## Stored data
□ □ □ □

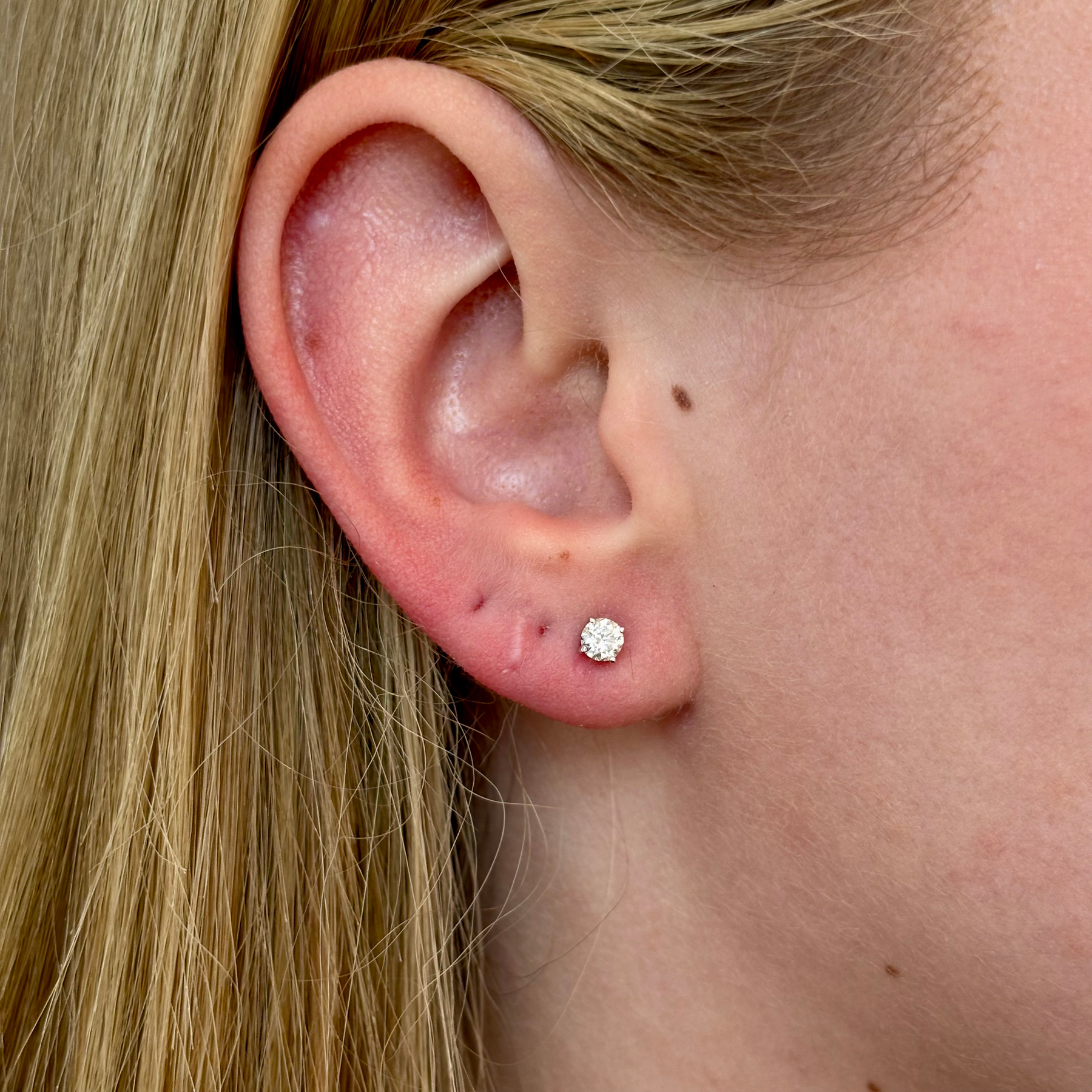 A brilliant choice with smart value, these 0.40ct total weight natural diamond studs are set in classic 14K white gold 4-prong traditional basket style mountings. Each diamond measures 3.75 millimeters in size. The white G-I color graded diamonds feature a clarity grade of SI3/I1, offering a beautiful look and accessibly priced. Timeless and versatile, they make an ideal gift or everyday essential.
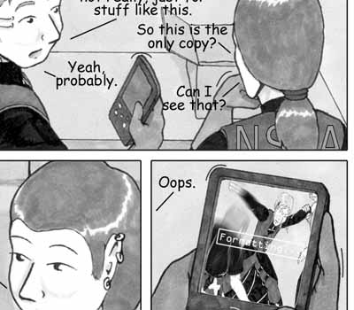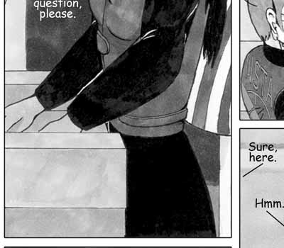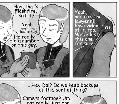 Author's Note: Del has the best expressions, doesn't he? He can be so fun to draw. :) I had a lot of fun laying out and drawing this page -- I like the juxtapostion of the scenes.
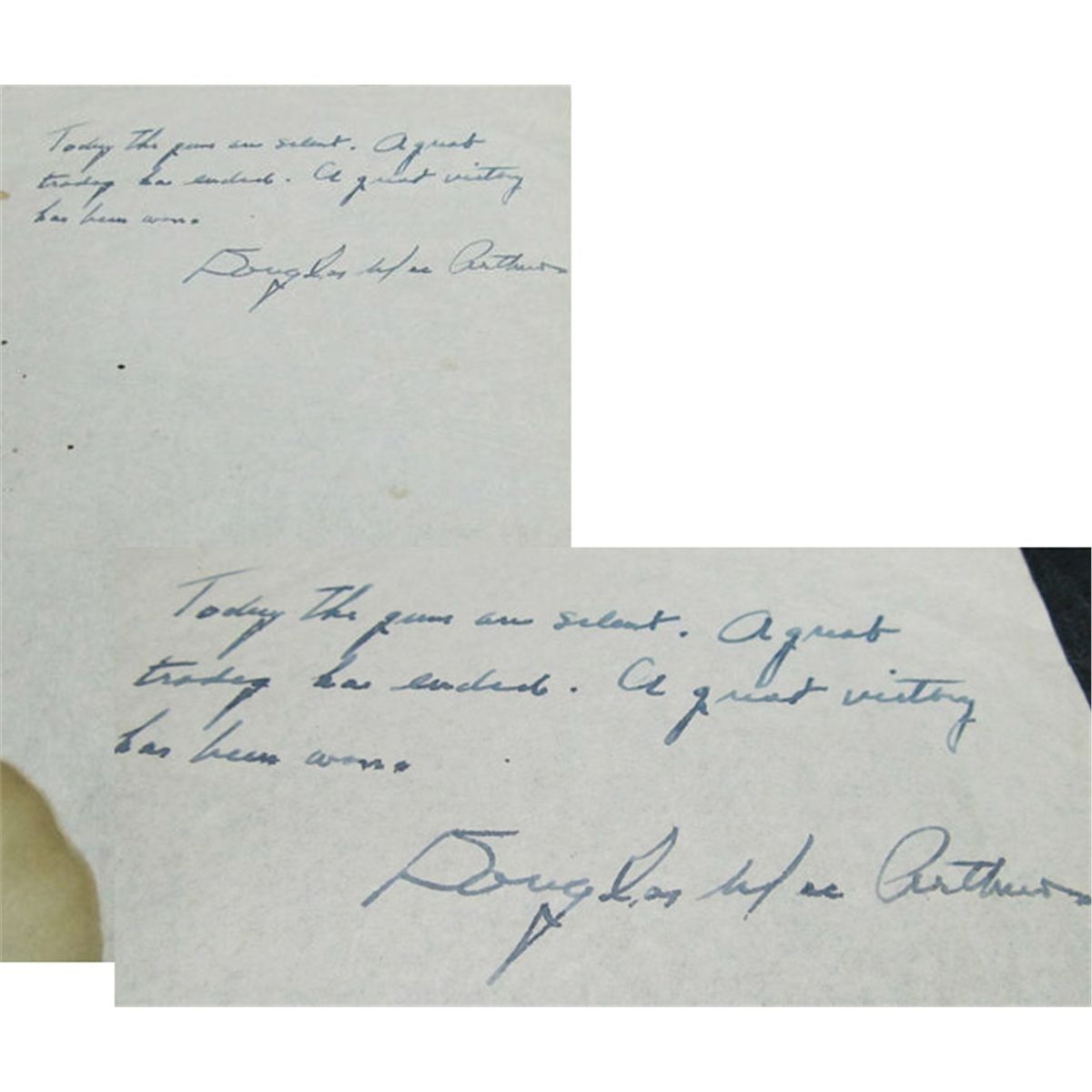 Autograph quotation signed by General Douglas MacArthur which, while reading it, rouses the immense feelings of gravity and joy that must have accompanied every American citizen on 2 September 1945, the day of the Japanese surrender after which MacArthur delivered his radio speech to the American people. His speech began with the words in this handwritten quote: ''Today the guns are silent. A great tragedy has ended. A great victory has been won.'' Additionally signed ''Douglas MacArthur''. Ink quote appears at the top of a sheet that has a circular brown stain on the bottom, easily matted out. MacArthur also seems to incorrectly spell tragedy as ''tradeg'', though not obvious from his handwriting. In very good condition, accompanied by a COA from PSA/DNA.
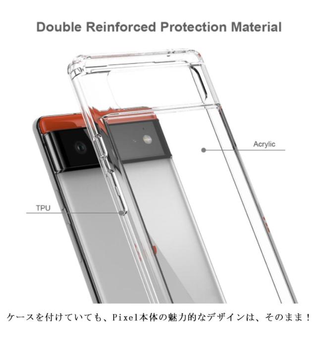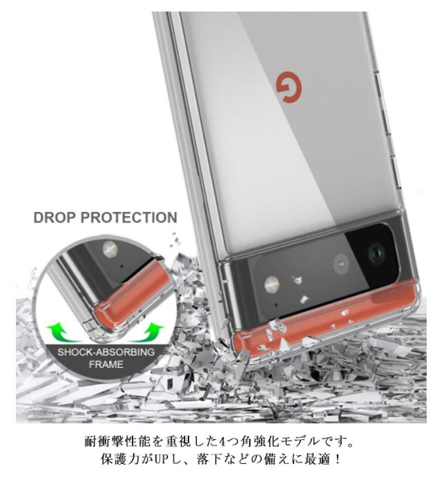 | 【TPU+PC シンプルな透明ケース】 【コーナーガードタイプ】 耐衝撃性能を重視した4つ角強化モデルです。 保護力がUPし、落下などの備えに最適! ケースは、透明クリアなソフトTPU+PC素材となっており、シリコンのように強く柔軟な素材が落下時の衝撃を緩和し、Pixel本体を守ってくれます。 手に収まるちょうど良いサイズ感で、コーナー部分が滑り止めのような役割をしてくれます。 ケースを付けていても、Pixel本体の魅力的なデザインは、そのまま! ケースを付けていることにより、液晶画面や、カメラレンズを保護してくれます。 ケースを付けたままのワイヤレス充電(Qi)が可能です。 | |
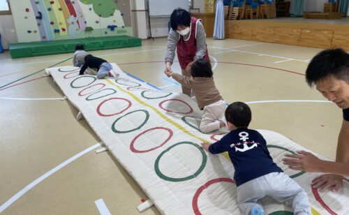 お部屋で、新聞紙遊びをしました! 新聞紙の感触や音にとても大興奮の子ども達でした! ...
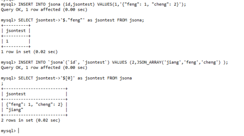 插入JSON数据时,可以直接插入格式化的JSON字符串,以下操作向表中插入一行带有JSON数据的数据:
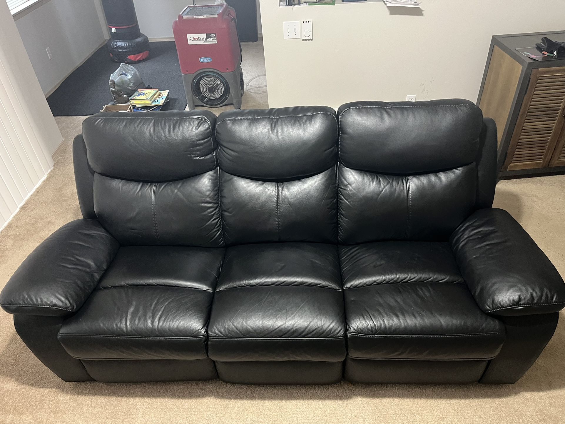 Genuine Leather couch recliner sofa black like new
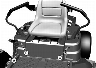 b. Raise seat and disconnect wiring harness connector (C) from seat switch.
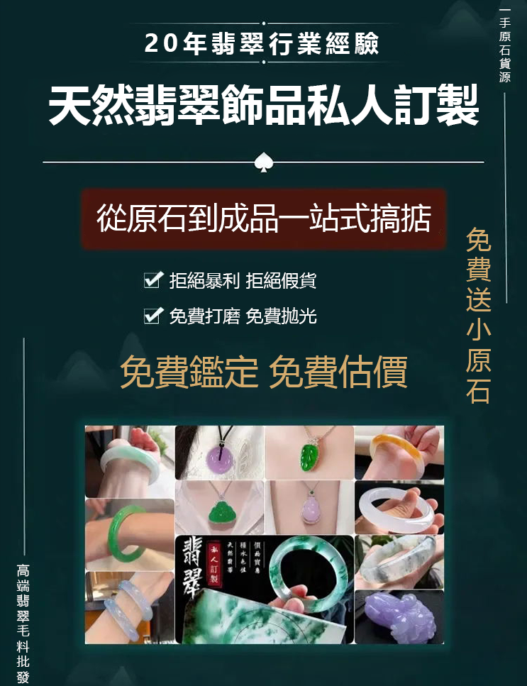 隨 著互聯網的高速發展,喜歡翡翠的翠友不能來到緬甸,只能透過圖片看翡翠,但是一些商家總是把顏色調的美美的發給客戶,而我們一直堅持在鏡頭下直播翡翠原 石,讓大家看到翡翠原石最真實的樣子,也為了讓各位翠友買到高品質且性價比高的天然翡翠部,我們公司成立了電商!全心全意為翠友們創造便捷條件!拒絕翡翠 中間商,直接從緬甸源頭採購,從翡翠原石到加工成成品,一條龍個性化服務!新增 (點擊復製),觀看Live直播拍賣。
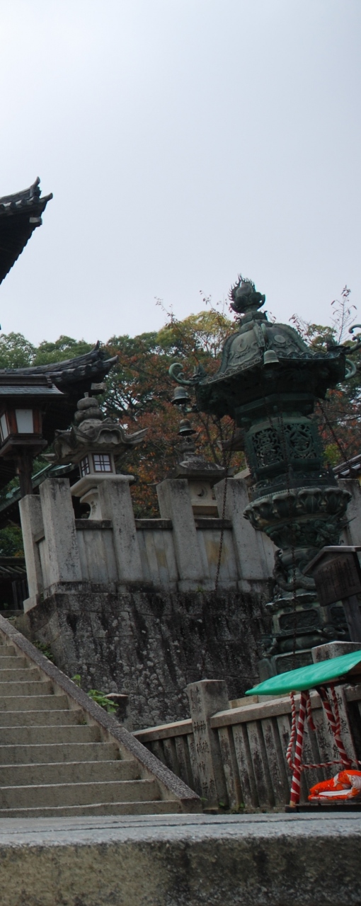 正面から大門を見て右手側にある大燈籠。とても大きく立派で歴史を感じられるくらい古そう。燈籠の上のデザインが御神輿のようになっていて面白い。よくよく見ると、金毘羅の金の模様まで入ってる。こんぴらさんの為のかなり凝っている大燈籠です。

□ □ □ □

## About this task
All of the entries above are to be duplicated exactly, with every image left out.

## Task answer
 A brilliant choice with smart value, these 0.40ct total weight natural diamond studs are set in classic 14K white gold 4-prong traditional basket style mountings. Each diamond measures 3.75 millimeters in size. The white G-I color graded diamonds feature a clarity grade of SI3/I1, offering a beautiful look and accessibly priced. Timeless and versatile, they make an ideal gift or everyday essential.
 Author's Note: Del has the best expressions, doesn't he? He can be so fun to draw. :) I had a lot of fun laying out and drawing this page -- I like the juxtapostion of the scenes.
 Autograph quotation signed by General Douglas MacArthur which, while reading it, rouses the immense feelings of gravity and joy that must have accompanied every American citizen on 2 September 1945, the day of the Japanese surrender after which MacArthur delivered his radio speech to the American people. His speech began with the words in this handwritten quote: ''Today the guns are silent. A great tragedy has ended. A great victory has been won.'' Additionally signed ''Douglas MacArthur''. Ink quote appears at the top of a sheet that has a circular brown stain on the bottom, easily matted out. MacArthur also seems to incorrectly spell tragedy as ''tradeg'', though not obvious from his handwriting. In very good condition, accompanied by a COA from PSA/DNA.
 | 【TPU+PC シンプルな透明ケース】 【コーナーガードタイプ】 耐衝撃性能を重視した4つ角強化モデルです。 保護力がUPし、落下などの備えに最適! ケースは、透明クリアなソフトTPU+PC素材となっており、シリコンのように強く柔軟な素材が落下時の衝撃を緩和し、Pixel本体を守ってくれます。 手に収まるちょうど良いサイズ感で、コーナー部分が滑り止めのような役割をしてくれます。 ケースを付けていても、Pixel本体の魅力的なデザインは、そのまま! ケースを付けていることにより、液晶画面や、カメラレンズを保護してくれます。 ケースを付けたままのワイヤレス充電(Qi)が可能です。 | |
 お部屋で、新聞紙遊びをしました! 新聞紙の感触や音にとても大興奮の子ども達でした! ...
 插入JSON数据时,可以直接插入格式化的JSON字符串,以下操作向表中插入一行带有JSON数据的数据:
 Genuine Leather couch recliner sofa black like new
 b. Raise seat and disconnect wiring harness connector (C) from seat switch.
 隨 著互聯網的高速發展,喜歡翡翠的翠友不能來到緬甸,只能透過圖片看翡翠,但是一些商家總是把顏色調的美美的發給客戶,而我們一直堅持在鏡頭下直播翡翠原 石,讓大家看到翡翠原石最真實的樣子,也為了讓各位翠友買到高品質且性價比高的天然翡翠部,我們公司成立了電商!全心全意為翠友們創造便捷條件!拒絕翡翠 中間商,直接從緬甸源頭採購,從翡翠原石到加工成成品,一條龍個性化服務!新增 (點擊復製),觀看Live直播拍賣。
 正面から大門を見て右手側にある大燈籠。とても大きく立派で歴史を感じられるくらい古そう。燈籠の上のデザインが御神輿のようになっていて面白い。よくよく見ると、金毘羅の金の模様まで入ってる。こんぴらさんの為のかなり凝っている大燈籠です。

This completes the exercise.